What’s the best way to market your mobile app or game? I reached out to a variety of experts including app developers, game studios, app summit organizers and extreme gaming machine builders to get their thoughts. Here’s the advice that made the most cents, along with my two pennies’ worth, of course.
The launch is critical. Generating buzz about the app before it hits the app store and in the first few days can really make a difference in your results by giving it fuel in Apple’s search algorithms. Ways to do this: get as many beta testers as possible; use services like PreApps to generate buzz amongst early adopters; reach out to influencers via social media and email; put up a landing page and collect email addresses; and offer an exclusive to an app reviewer in advance of your release date.
I work for a mobile app development company, so I often help our clients market their games after launch. The most successful tactic I’ve seen is to just put a web ad on a target website, like a gaming website, and click through to the app store listing. A cost per month ad is preferred versus a pay per impression. My favorite advertising is Facebook’s ads for installs. You can have someone click an ad on Facebook and send them right to the app install screen. You can get really targeted about interests, age, geographic locations, etc., and you can spend as much or as little as you want. You can throw as little as $5 at an ad and start to see some interactions.

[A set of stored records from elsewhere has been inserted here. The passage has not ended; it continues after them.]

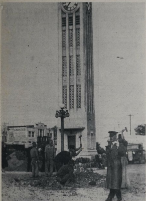
FRENCH DRESSING IN HARD COUNTRY —Dishwashing operations in Hastings necessitated the closing up of Hastings Street at the railway crossing. This hard task was accomplished speedily.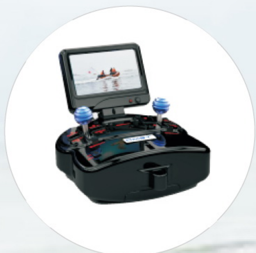
5.8G/2.4G wireless video controlling system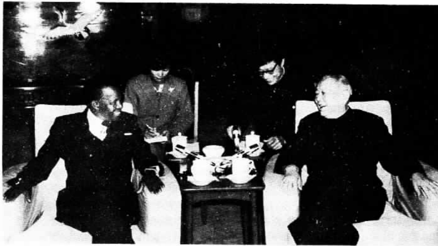
President Li Xiannian meets with President Masire.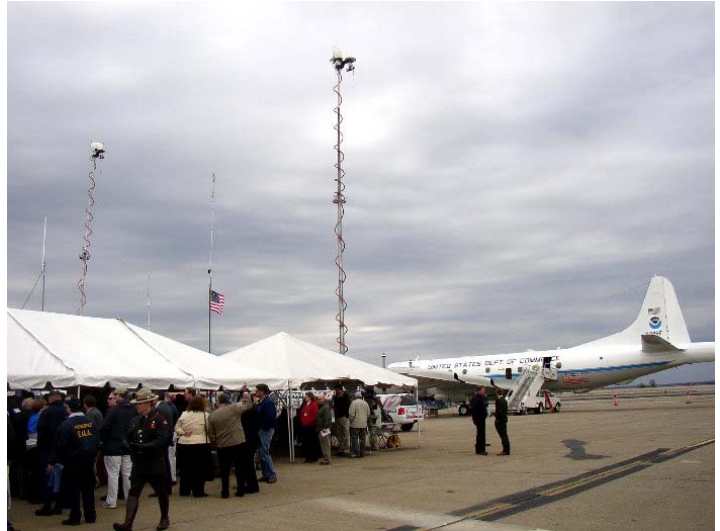
The theme was "Be Aware – Be Prepared" The American flag is on the Cushcraft R-5 antenna

The Governor of the State of Rhode Island was present and announced that the State of Rhode Island would follow up with a Hurricane Drill simulation that would flood streets and effect the coastline, causing need to prepare for the evacuation of 130,000 Rhode Islanders. This exercise would be designed to exhaust all the capacity of local Rhode Island manpower and mutual aid and test the Federal Government's ability to respond to the Request for emergency aid.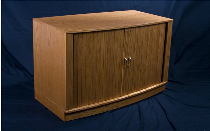
(model DR16E-II shown)

The HSA Executive DR Series Racks give you a convenient way to house and protect a wide variety of 19" rack mount and non-rackmount electronic equipment. Very suitable for boardroom, Houses of Worship, educational, corporate, recording and other professional environments, the HSA DR Series Racks are an elegant and easy way to aesthetically blend audio, video and many other electronic systems into their surroundings.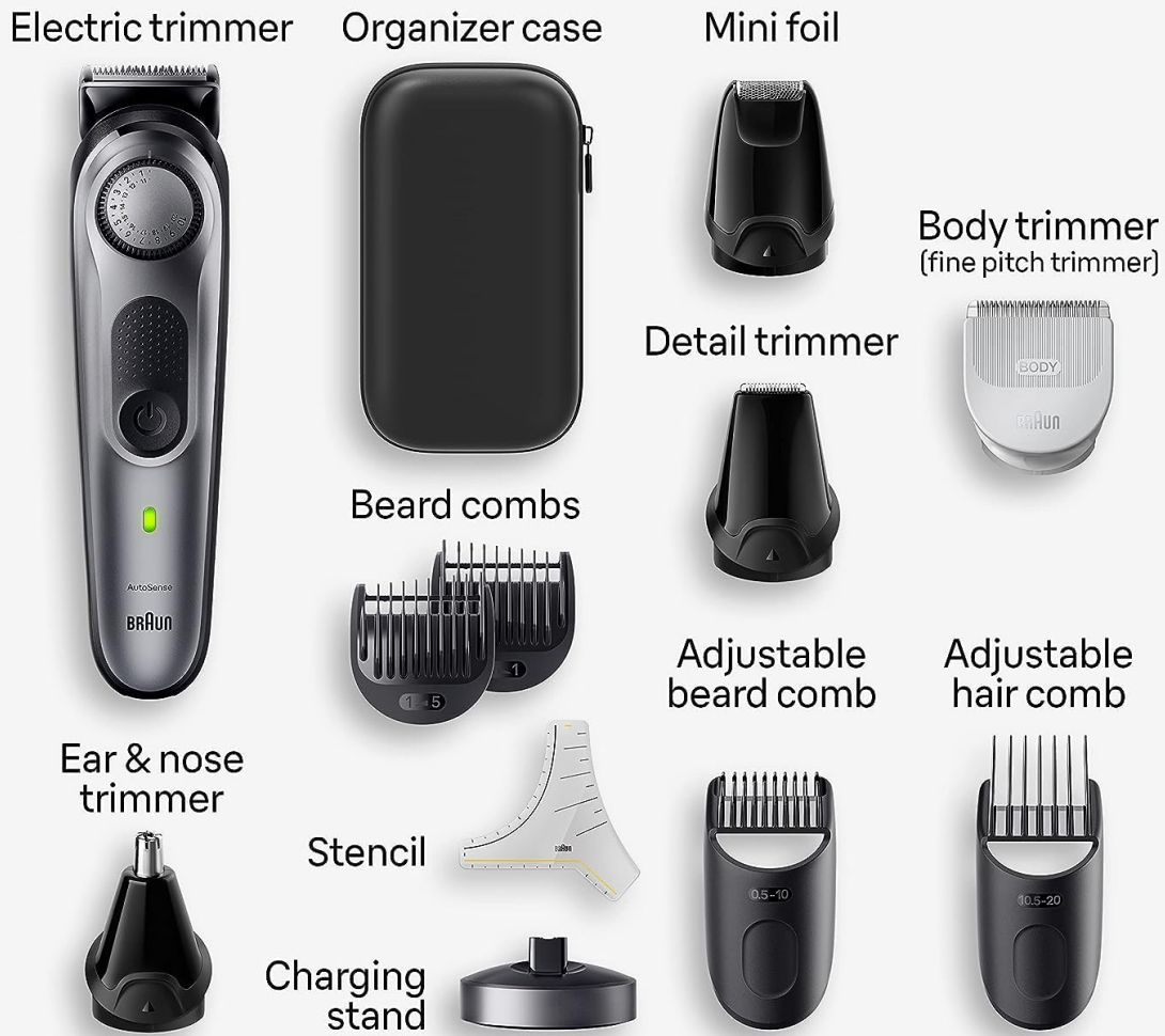
Image 3.1: A visual representation of all 11-in-1 components included in the kit, such as the electric trimmer, various combs, specialized heads, charging stand, and organizer case.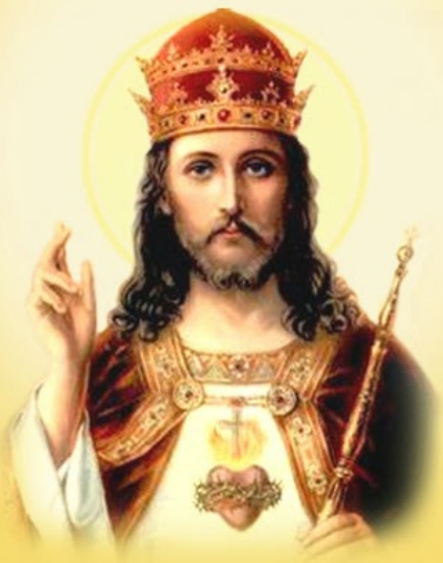
SOLEMNITY OF OUR LORD JESUS CHRIST THE KING

PARISH OFFICE, 838-6565 Parish Fax Number, 838-6566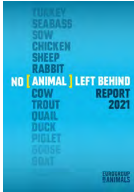
No Animal Left Behind [ Report ] also available in French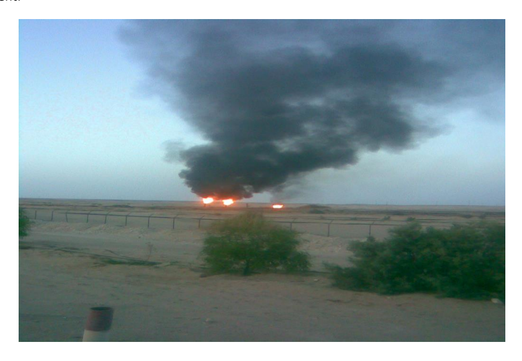
Flare of Zallah oilfields at Sunset time

Libya is among the major oil exporting country in Africa and its economy is heavily dependent on oil production. It has several oilfields all over Libya. Flaring is the common methods used in almost all oilfields in Libya for safe disposal of excess hydrocarbons. By burning the hydrocarbons there by converting them largely to carbon dioxide and water and therefore their environmental impacts is greatly reduced. Oil and gas industries consist of several different activities from exploration to production. All these activities have different impacts on the environment and the severity of the impact is greatly depends on the nature of activities and types of pollutants emitted. One of the major impact from oil and gas industries is the atmospheric pollution, where air pollutants are emitted to the air. Although most of the oilfields are located in the desert which makes the impact almost localized in uninhabited area, A complete picture on the quality status of the atmosphere requires an extensive analysis monitoring programme should be done on a daily basis within the major cities and in particular at the surrounding area of the industrial plants in order to safe guard and protect the environment. The air pollution is not yet a major problem in almost all the Libyan Cities due to the fact of low emission and for the cities being open which makes dilution is more efficient.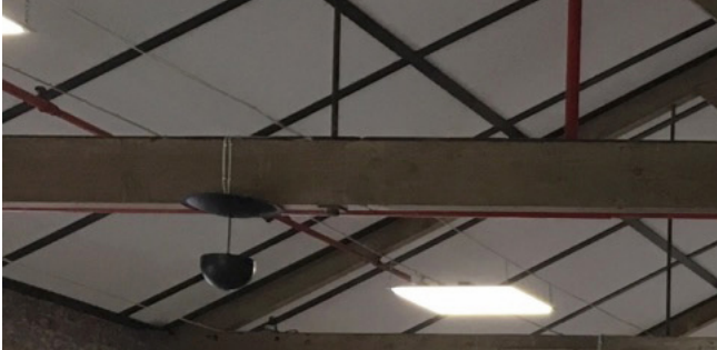
Transducers and acoustic discs blend seamlessly with the decor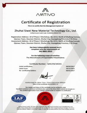
Certificate Name ISO 9001:2015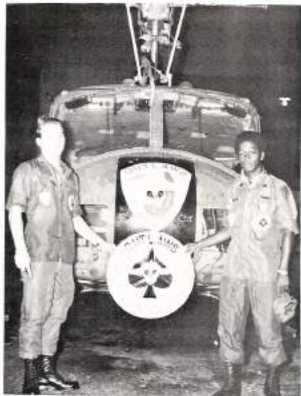
Black and white picture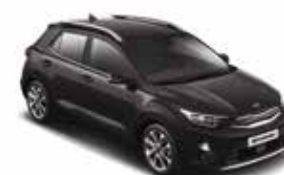
Aurora Black Pearl (ABP)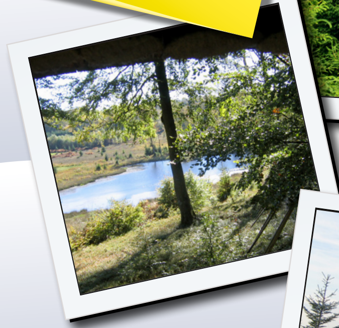
Bilaude observation platform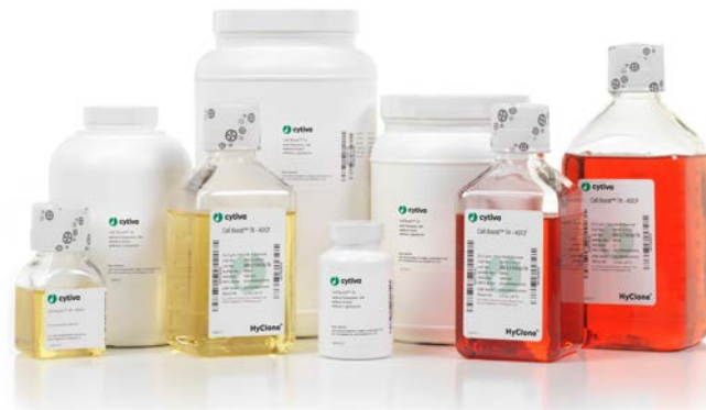
Fig 1. ActiPro, ActiSM, and Cell Boost 7a and 7b are designed for high yields of recombinant proteins in fed-batch culture processes with CHO cells.

The supplements should be added to the cultivation vessel as individual solutions and should not be mixed in advance as this will cause precipitation. The recommended ratio of Cell Boost 7a to 7b is 10 to 1 (v/v) (example feeding strategy Cell Boost 7a at 3% and Cell Boost 7b at 0.3%). The total amount of feed added and the specific feeding regime will need to be adjusted according to the nutritional requirements of each specific clone. The supplements are available as a powder or in a ready-to-use liquid format for research and process development. The liquid feed supplements meet testing specifications and are stable up to 12 months in PETE bottles and 9 months in bioprocessing bags at 2°C to 8°C (Fig 2).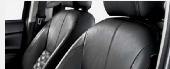
BLACK LEATHER (LE Grade)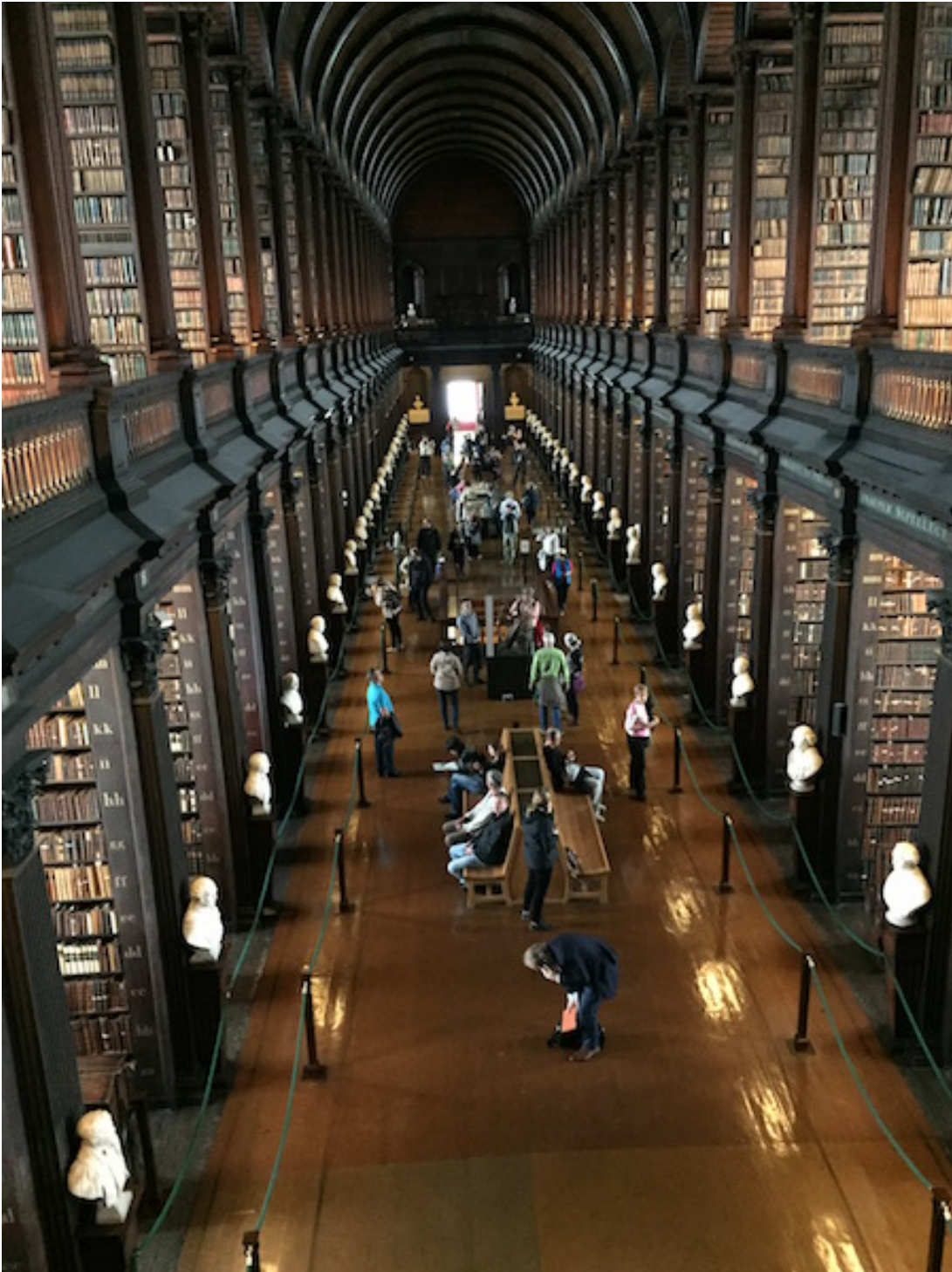
The Library of Trinity College Dublin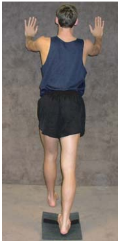
Gastrocnemius Stretch (above)

Position the slant 1-2 feet away from the wall depending on your height. Bend the knee closest to the wall and let your pelvis shift forward. Do not push against the wall. (As illustrated below, a wall is not necessary to perform this stretch but may be used to assist with balance.) The stretch should be felt on the leg furthest from the wall. Your heel should remain contact with the slant during the stretch. (This stretch can also be performed without the slant but the intensity will be less.)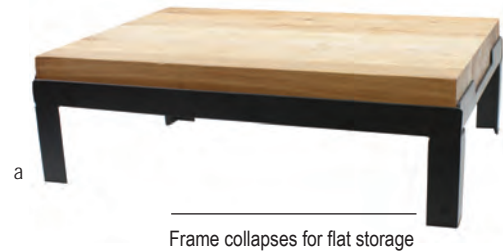
Frame collapses for flat storage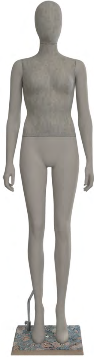
marbled cork topped base VIN31F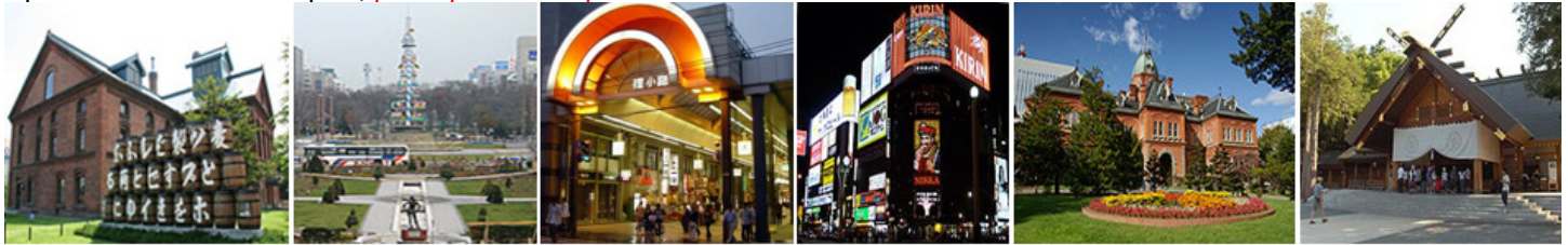
Sapporo Beer Museum

Upon arrival Chitose Airport, pick up car at airport area.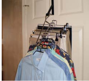
2. "On the Door" loaded with mixed Wardrobe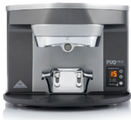
1. Puqpress M1 for Peak and K30 Vario Air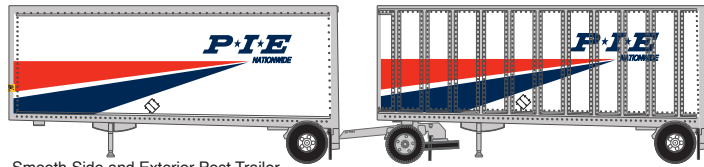
Smooth Side and Exterior Post Trailer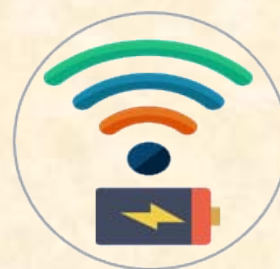
TM3:Wireless Power Transfer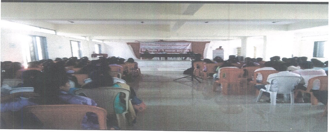
One Day Legal Literacy Workshop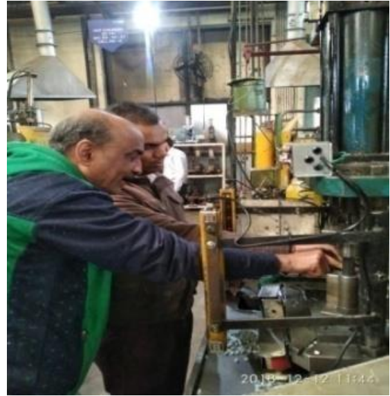
Blind Youth at packaging training in a factory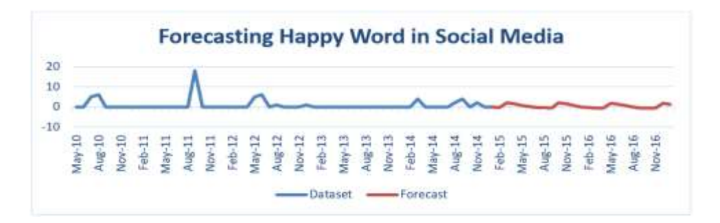
Figure 2. Forecasting happy word

the happy weights achieved by using the TF-IDF of 0.4578818967. So that the forecasting results for inactive users could be seen through the graph in Figure 2.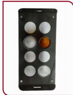
Bowl Stand 1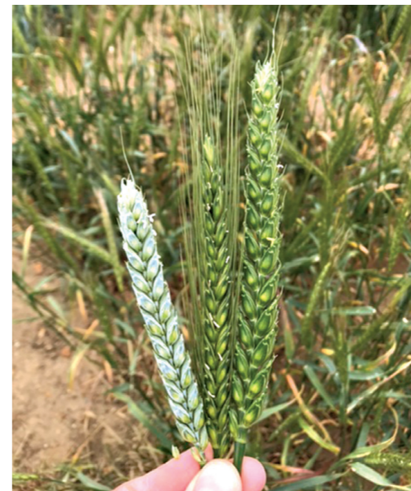
Resynthesised wheat ears

We’ve just recently had our game Flop Rocket featured on both iTunes and Google Play, and have a user base north of 3 million for all our current titles combined. There are actually over 3500 games launched on iTunes per week. That’s an insane amount of competition. To stay on top of the pile we run a rigorous PR strategy, which includes sending early “preview” builds to reviewers, which often generate buzz, and being persistent with our communications to the platforms themselves (iTunes, Google) to make sure they know that our games exist. We’re not yet large enough to spend money on marketing, so the extent of our exposure come from PR and our twitter/blog following. However, we recently developed a back-end technology called BscotchID, which is our answer to this whole discoverability problem. Our players can create a BscotchID account, which let’s them access cloud saving, cross-game perks, and a simple social network, and once they do we’re able to ping them and let them know that our stuff exists. It’s a homegrown solution to the cloud of games on the store!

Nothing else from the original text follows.